Ho bisogno di ottenere i risultati della seguente funzioneAccelerare ifelse() senza scrivere C/C++?
getScore <- function(history, similarities) {
nh<-ifelse(similarities<0, 6-history,history)
x <- nh*abs(similarities)
contados <- !is.na(history)
x2 <- sum(x, na.rm=TRUE)/sum(abs(similarities[contados]),na.rm=TRUE)
x2
}
Per esempio, per i seguenti vettori:
notes <- c(1:5, NA)
history <- sample(notes, 1000000, replace=T)

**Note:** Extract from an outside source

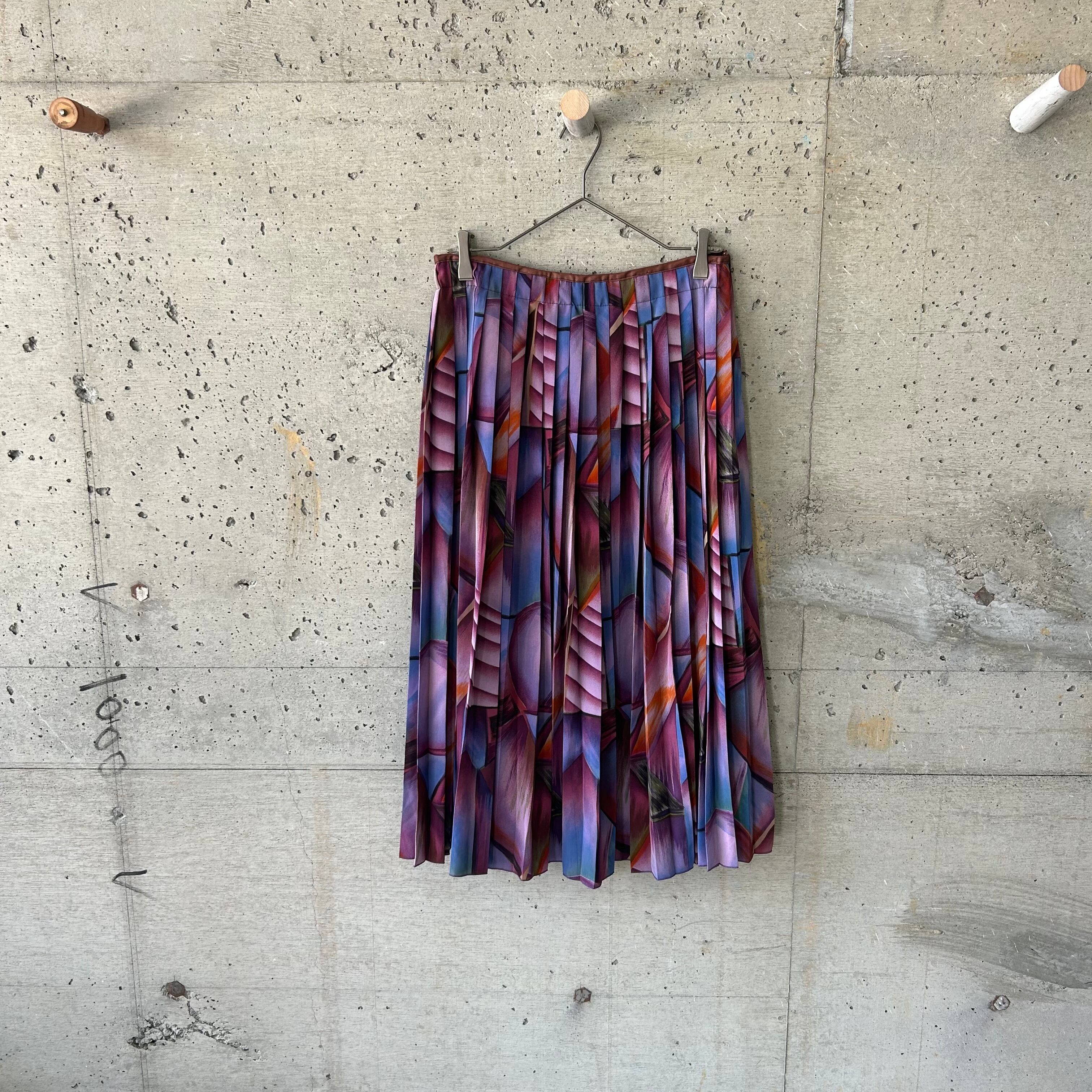 purple pattern pleated skirt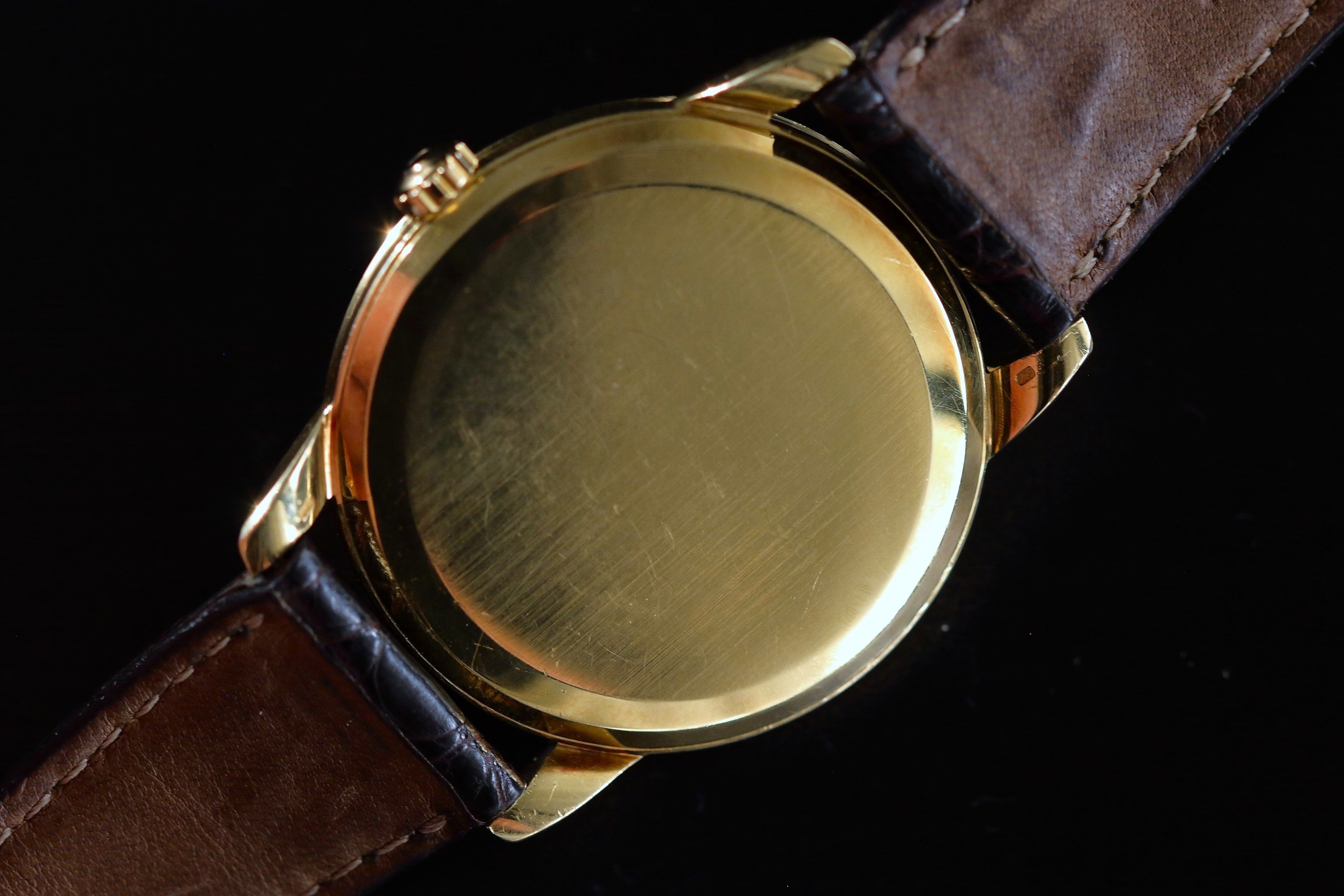 The 18kt case is 33.5mm in diameter and in good shape with a fully signed snap case back.

similarities <- runif(1000000, -1,1)
che i cambiamenti all'interno di un ciclo. Questo richiede:
ptm <- proc.time()
for (i in (1:10)) getScore(history, similarities)
proc.time() - ptm
user system elapsed
3.71 1.11 4.67
Inizialmente ho il sospetto che il problema è il ciclo for
, ma profiling Risultato Punti di ifelse()
.
Rprof("foo.out")
for (i in (1:10)) getScore(history, similarities)
Rprof(NULL)
summaryRprof("foo.out")
$by.self
self.time self.pct total.time total.pct
"ifelse" 2.96 65.78 3.48 77.33
"-" 0.24 5.33 0.24 5.33
"getScore" 0.22 4.89 4.50 100.00
"<" 0.22 4.89 0.22 4.89
"*" 0.22 4.89 0.22 4.89
"abs" 0.22 4.89 0.22 4.89
"sum" 0.22 4.89 0.22 4.89
"is.na" 0.12 2.67 0.12 2.67
"!" 0.08 1.78 0.08 1.78
$by.total
total.time total.pct self.time self.pct
"getScore" 4.50 100.00 0.22 4.89
"ifelse" 3.48 77.33 2.96 65.78
"-" 0.24 5.33 0.24 5.33
"<" 0.22 4.89 0.22 4.89
"*" 0.22 4.89 0.22 4.89
"abs" 0.22 4.89 0.22 4.89
"sum" 0.22 4.89 0.22 4.89
"is.na" 0.12 2.67 0.12 2.67
"!" 0.08 1.78 0.08 1.78
$sample.interval
[1] 0.02
$sampling.time
[1] 4.5
ifelse()
è il collo di bottiglia delle mie prestazioni. A meno che non ci sia un modo in R per accelerare ifelse()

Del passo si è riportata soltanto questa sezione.